I do not remember any extra manning in the Engine Department for the coal handing since it was automated. I do remember having problems with the auger getting plugged which meant crawling in the equipment to dislodge the coal that worked its way between the auger and pipe.


----------



## kewl dude

Yes, and when that coal auger jammed it could sound like the loudest woman ever screaming for help, easier heard topside than below.

Greg Hayden


----------



## Steve Hodges

What was the burning arrangement ? pulverised and blown in, chain grate, or was the above mentioned auger feeding into the furnace?
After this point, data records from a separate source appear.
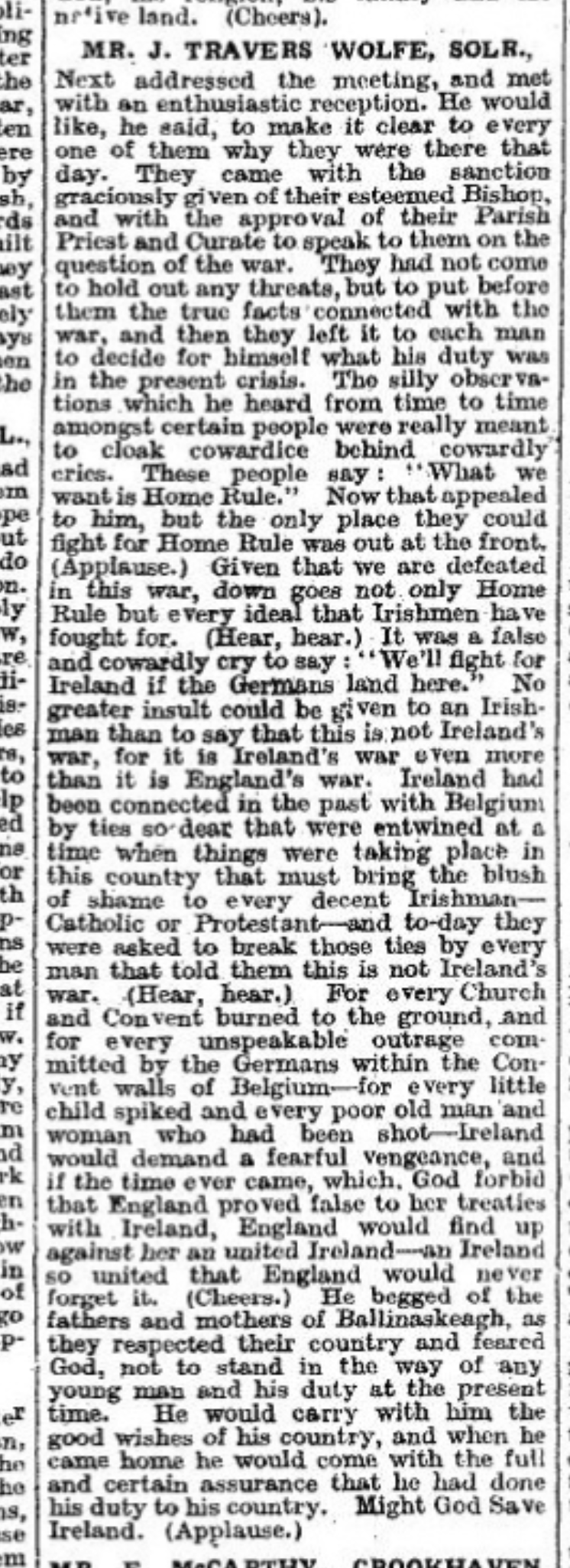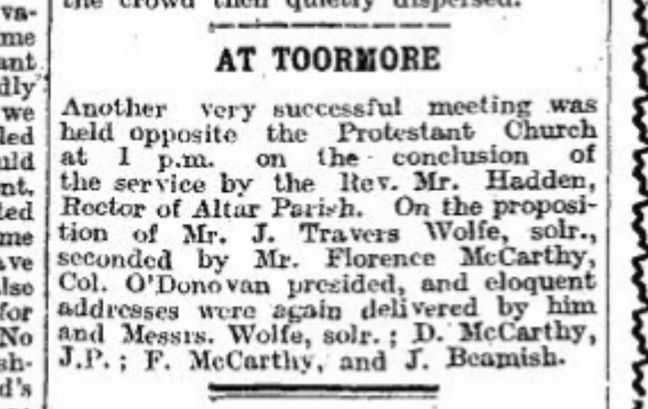 1884, 1917 Jasper Travers Wolfe Solicitor, Crown Solicitor, TD “Norton, Skibbereen, 1st place Law Society Final Exam, Director Skibbereen Eagle member Governing Body, UCC. subscriber Zenith Marine Disaster, Baltimore, 1895. 1895 Funeral and wreath of Bantry Solicitor Daniel O’Donovan aged 26. 1897 attending the funeral of Father Michael Kearney, Parish Priest, Durrus in Kilcrohane.
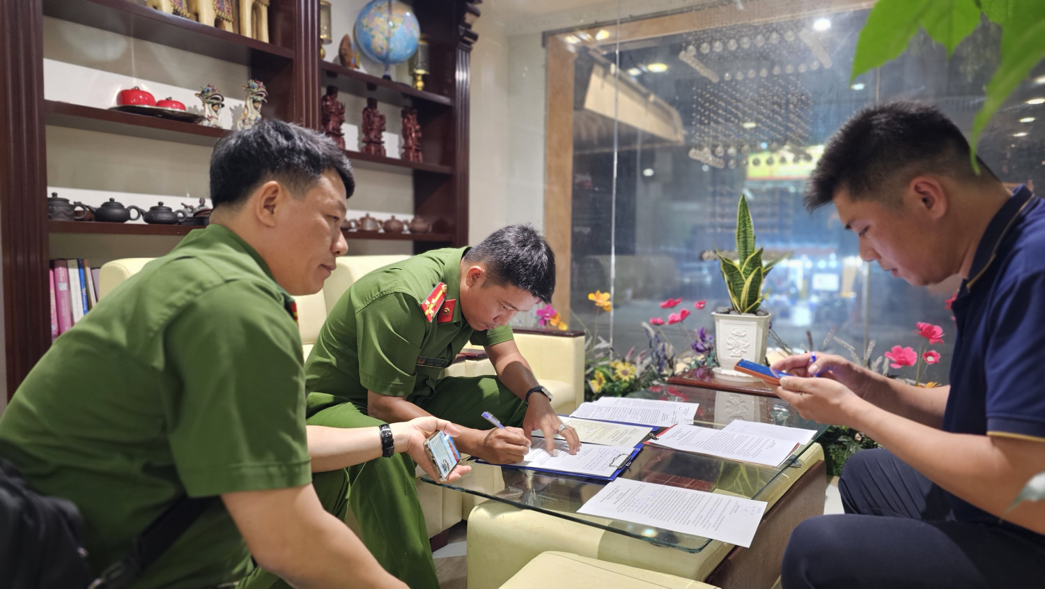 Cán bộ phòng Cảnh sát quản lý hành chính về trật tự xã hội, Công an thành phố Cần Thơ kiểm tra, hướng dẫn cơ sở kinh doanh dịch vụ lưu trú
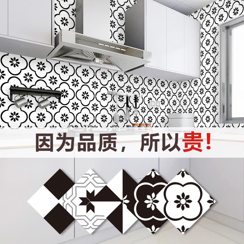 厨房墙贴自粘防水防油贴纸卫生间阳台现代简约黑白地板贴瓷砖地贴
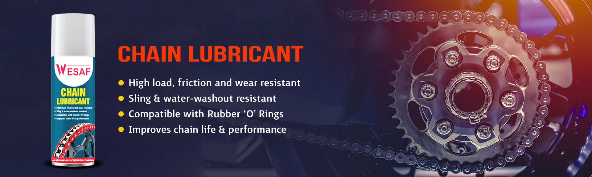 Description : Chain lubricant spray is used for all motorcycle chains (Oring, X-ring or Z-ring). Specially developed in the wesaf racing division for road racing and endurance. The fling-off resistant formulation with solid lubricant additives reduces friction which enhances performance. This ensures optimum power delivery. High degree of anti-wear protection, also under extreme operating conditions.
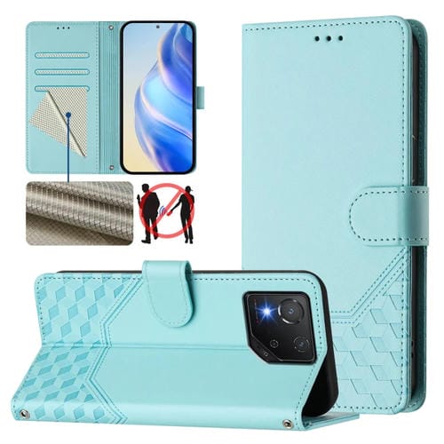 Funda de Cuero Rfid con Relieve en Panal para Asus Rog Phone 8/8 Pro (Verde Menta)

Interested to know.


----------



## surfaceblow

I did not want to give misinformation its been about twenty years since I visited the Energy Independence. I went to look into my notes but I did not find them. I did find a few pictures from a Keystone pamphlet of the Energy Independence. 

I found a bunch of references to SNAME papers written about coal fired marine steam plants: 

#1045 - A Coal-Fired Fluidized-Bed Steam Generator for Marine Application Author(s):J. T. Schroppe, and R. L. Gamble
Number Of Pages:17
Paper Abstract:In order to bring to the forefront a realistic, practical development of the fluidized-bed steam generator for marine use, a series of progressive steps is presently occurring. This paper sets forth how it is being accomplished as well as the technological difficulties that have already been overcome and those that are yet to be resolved. With the advent of uncertain fuel quality and supplies, the fluidized-bed steam generator will provide the versatility the marine industry requires in the future. The paper discusses the development of burning high-sulfur oil or coal in a fluidized-bed combustion boiler. It also describes the industrial experience (since 1979) of a 100 000 Ib/hr (45 455 kg/hr) system at Georgetown University in Washington, D.C. Additionally, the paper outlines development steps necessary to adapt industrial fluidized-bed technology, as found at Georgetown, for marine service and its practical application concerning the bed dynamics for open-ocean use. Design features involving items such as start-up techniques and normal operating conditions and procedures are described, including bed temperature control, load following techniques, and automatic control requirements for matching steam conditions and minimizing stack emissions. Operating personnel requirements and a brief overview of overall economics are also given. 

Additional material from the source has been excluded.